▶

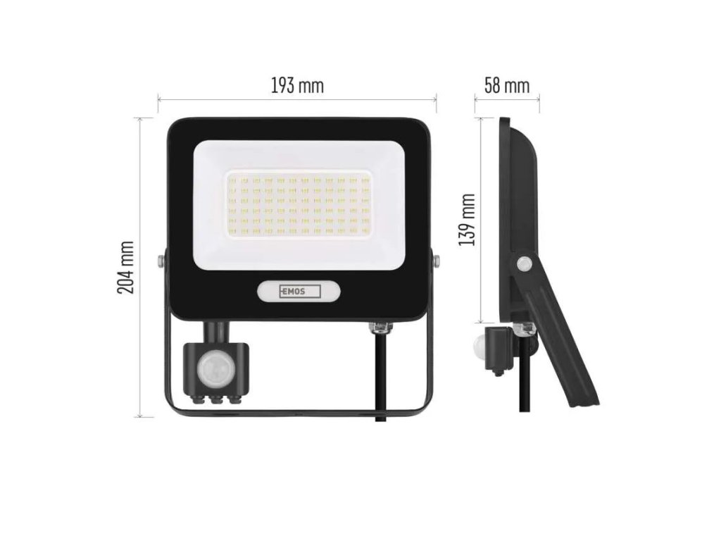 O componentă a construcției este un suport de montare practic, înclinat, care permite ajustarea ușoară a direcției precise de iluminare și fixarea reflectorului pe fațadă, perete sau altă suprafață fără modificări complicate. Pentru conectare rapidă, este disponibil un cablu de alimentare cu manta de cauciuc, cu o lungime de 25 cm, care asigură o conexiune sigură și fiabilă. Reflectorul se aprinde instantaneu la putere maximă după pornire, funcționează fără pâlpâire și, datorită tehnologiei LED moderne, reduce semnificativ costurile de operare.
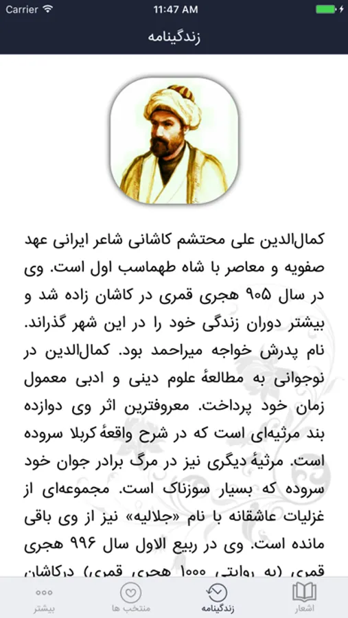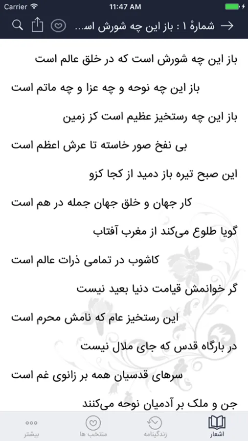 - قابلیت کپی اشعار جهت استفاده در نرم افزارهای مختلف
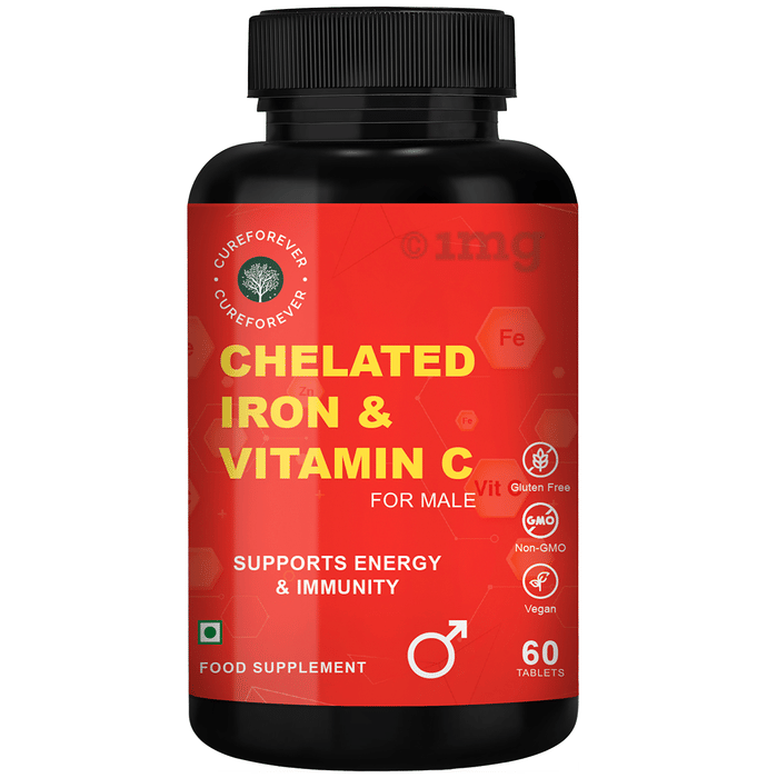 Cure Forever Chelated Iron and Vitamin C for Male Tablet is formulated to help support daily iron needs and improve its absorption with the addition of Vitamin C. This combination may assist in maintaining energy levels, oxygen transport, and immune function in men, without causing gastric discomfort.

◀

Beginning with the line that includes "- قابلیت کپی" and ending with the last line of the material, reproduce those lines exactly and nothing else, with no pictures.

§ **Problem solution**:
 - قابلیت کپی اشعار جهت استفاده در نرم افزارهای مختلف
 Cure Forever Chelated Iron and Vitamin C for Male Tablet is formulated to help support daily iron needs and improve its absorption with the addition of Vitamin C. This combination may assist in maintaining energy levels, oxygen transport, and immune function in men, without causing gastric discomfort.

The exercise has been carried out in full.